Its true that isolationism has had a profound effect for the positive, but economically and politically, Japan is practically non-existent. And you can't honestly tell me that this "Reservation Zone" has been truly respected for the last 60 years. Countless efforts by criminal black market elements, third-party affiliates of the Soviet Union and the United States, even China and Corea, have flooded large parts of Japan with illicit consumer goods, small arms and technological knick-knacks.
The Shogun may make a big deal about how he's making a "controlled experiment" with the introduction of Television, but I half-suspect that a good many Japanese households have been getting Chinese gameshows on handhelds for the past twenty years.

And as for the "Little Edo" comments, I find it frankly offensive. It has nothing to do with "religion", but a growing desire amongst the Japanese people to seek opportunities and wealth elsewhere. They're not content to be medieval rice farmers and silk-weavers anymore. The "historic paradise" of Japan is a stifling, stagnant enviroment, and the young crave Macdonalds, Paik Automatives, and stylish post-modern homes in Hong Kong. That they end up being wage slaves to the Capitalist Machine is not their fault, but the fault of the greedy Pacific Rim Barons, who already half-treat Japan like "Disneyland", only one with complimentary Christmas Elves to make shoes at peanut prices.
 
Its true that isolationism has had a profound effect for the positive, but economically and politically, Japan is practically non-existent. And you can't honestly tell me that this "Reservation Zone" has been truly respected for the last 60 years. Countless efforts by criminal black market elements, third-party affiliates of the Soviet Union and the United States, even China and Corea, have flooded large parts of Japan with illicit consumer goods, small arms and technological knick-knacks.
The Shogun may make a big deal about how he's making a "controlled experiment" with the introduction of Television, but I half-suspect that a good many Japanese households have been getting Chinese gameshows on handhelds for the past twenty years.

And as for the "Little Edo" comments, I find it frankly offensive. It has nothing to do with "religion", but a growing desire amongst the Japanese people to seek opportunities and wealth elsewhere. They're not content to be medieval rice farmers and silk-weavers anymore. The "historic paradise" of Japan is a stifling, stagnant enviroment, and the young crave Macdonalds, Paik Automatives, and stylish post-modern homes in Hong Kong.
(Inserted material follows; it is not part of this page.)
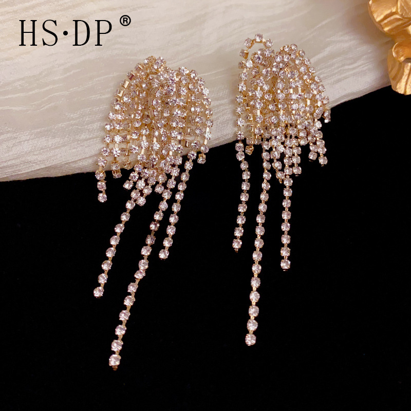 轻奢个性夸张锆石烟花长款流苏耳坠女精致百搭高级感超闪耳环批发

That they end up being wage slaves to the Capitalist Machine is not their fault, but the fault of the greedy Pacific Rim Barons, who already half-treat Japan like "Disneyland", only one with complimentary Christmas Elves to make shoes at peanut prices.
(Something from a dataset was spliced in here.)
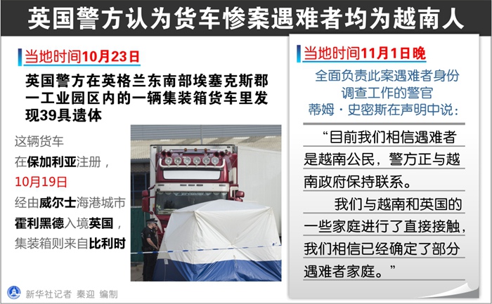 全面負(fù)責(zé)此案遇難者身份調(diào)查工作的警官蒂姆·史密斯在聲明中說:“目前我們相信遇難者是越南公民,警方正與越南政府保持聯(lián)系。我們與越南和英國的一些家庭進(jìn)行了直接接觸,我們相信已經(jīng)確定了部分遇難者家庭。”

Agreed, Japan has suffered long enough. The present generation has no responsability for what their great grandparents did.
 
Depends

If Japan gives full consent to opening up its borders, then yes,
putting up Japan as a completely accessible place would be great.
Then again, if they don't then forget it. As YLi said, if they don't want us
in, they can handle life themselves.


I don't pity them.
 
Well, if they don't want to open up I wouldn't force them to do so. It would be incredibly stupid but so was attacking a country with the World's largest economy and trusting to luck.